We can filter bigrams where word2 matches a specific pattern, e.g., words starting with ‘gud’.

pattern = r'\bgud[a-zæø]*'
match_bigrams = bigrams_filtered[bigrams_filtered['word2'].str.contains(pattern, regex=True)]
match_counts = match_bigrams.groupby(['word1', 'word2']).size().reset_index(name='count')
match_counts = match_counts.sort_values('count', ascending=False)
display(match_counts.head(20))

	word1	word2	count
1523	o	gud	95
1145	imod	gud	83
1935	store	gud	47
2011	takke	gud	38
816	frygte	gud	35
993	herre	gud	32
1195	jordens	guder	31
1148	imod	guds	31
913	gode	gud	29
1791	sande	gud	28
1794	sande	guds	21
821	frygter	gud	21
531	elske	gud	21
2042	tiene	gud	19
241	bede	gud	19
1217	kiende	gud	18
1706	retfærdige	gud	17
159	almægtige	gud	16
937	gudernes	gud	16
1787	sand	gudsfrygt	16

Visualization as Network Graph#

We can visualize the most frequent bigrams as a network graph.

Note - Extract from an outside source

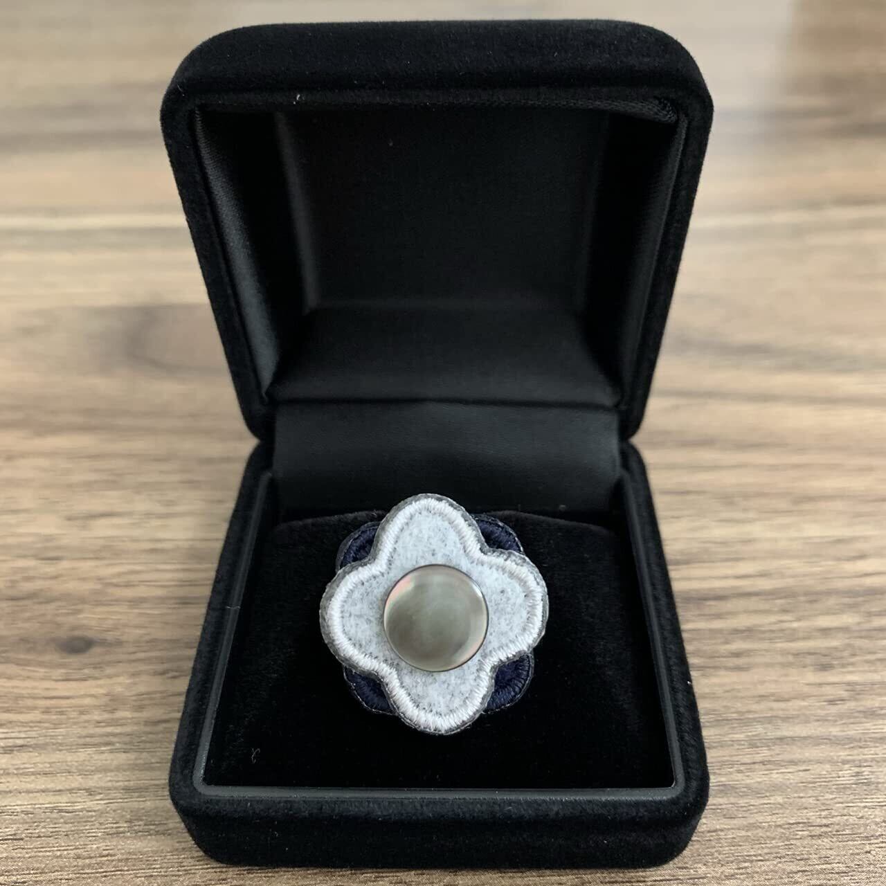 [ピンクターダ] PINCTADAブートニエール ラペルピン フェルト×蝶貝 W4花弁 Ⅰ (グレー×ネイビー×黒蝶貝)

# Select bigrams that occur more than e.g., 8 times
threshold = 8
graph_data = match_counts[match_counts['count'] > threshold]

G = nx.DiGraph()
for _, row in graph_data.iterrows():
    G.add_edge(row['word1'], row['word2'], weight=row['count'])

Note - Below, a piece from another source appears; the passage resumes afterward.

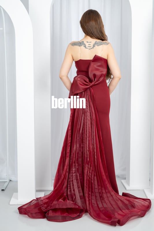 فستان بقصّة حورية البحر (Mermaid Fit & Flare)، يلتصق بالجسم من الصدر إلى ما تحت الركبة ثم يتسع تدريجيًّا إلى ذيل جانبي درامي مزوّد بشيفون يدوي الطيّ (Hand-Pleated) يمنح حركة انسيابية مع كل خطوة.
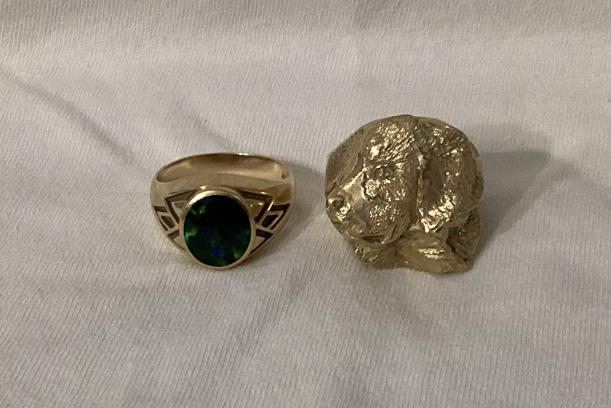 You are correct @CyanideRose18 , opals are hard to photograph. Here is my LR blue &green black opal ring. A bargain when I purchased it, and my Bernese Mountain Dog that went to Westminster in 2000. I had a sculptor do a head and cast in 18k.

plt.figure(figsize=(12, 8))
pos = nx.spring_layout(G, k=0.5)
edges = G.edges()
weights = [G[u][v]['weight'] for u,v in edges]
nx.draw(G, pos, with_labels=True, node_color='lightgreen', edge_color=weights, width=2.0, edge_cmap=plt.cm.Greens, arrows=True)
plt.title('Network Graph of Frequent Bigrams')
plt.show()

_images/caa286edf07f13b4d9b949e9d859752d3825142216a0556a7c224d6110803c4f.png

Save Graph and Results#

You can save the graph and results as CSV files.

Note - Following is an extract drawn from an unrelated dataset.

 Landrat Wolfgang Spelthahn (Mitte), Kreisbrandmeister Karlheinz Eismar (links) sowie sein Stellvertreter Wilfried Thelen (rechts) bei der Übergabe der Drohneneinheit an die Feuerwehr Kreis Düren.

bigram_counts_filtered.to_csv('results_bigrams_filtered.csv', index=False)
match_counts.to_csv('results_bigrams_match.csv', index=False)
plt.savefig('graphics/bigram_network.png', bbox_inches='tight', dpi=150)
print('Results and graph saved.')

Results and graph saved.

<Figure size 640x480 with 0 Axes>

Other studies#

The bigram analysis of Trykkefrihedens Skrifter can be extended with several complementary approaches:

Expand pattern matching to explore other semantic domains (e.g., political terms, social concepts, religious language) and identify distinctive phrase patterns.
Analyze temporal changes in bigram usage by comparing frequent word pairs across different publication periods.
Investigate trigram and n-gram patterns to explore longer phrase structures and multi-word expressions.
Apply network analysis techniques to identify central nodes and communities in the bigram network.
Compare bigram patterns with other historical Danish text collections to identify genre-specific or period-specific linguistic features.
Explore the relationship between bigram frequency and semantic coherence to identify meaningful versus coincidental co-occurrences.
Analyze bigram patterns in specific volumes or series to identify thematic or stylistic variations.
Integrate bigram analysis with topic modeling to understand how word pairs contribute to broader thematic structures.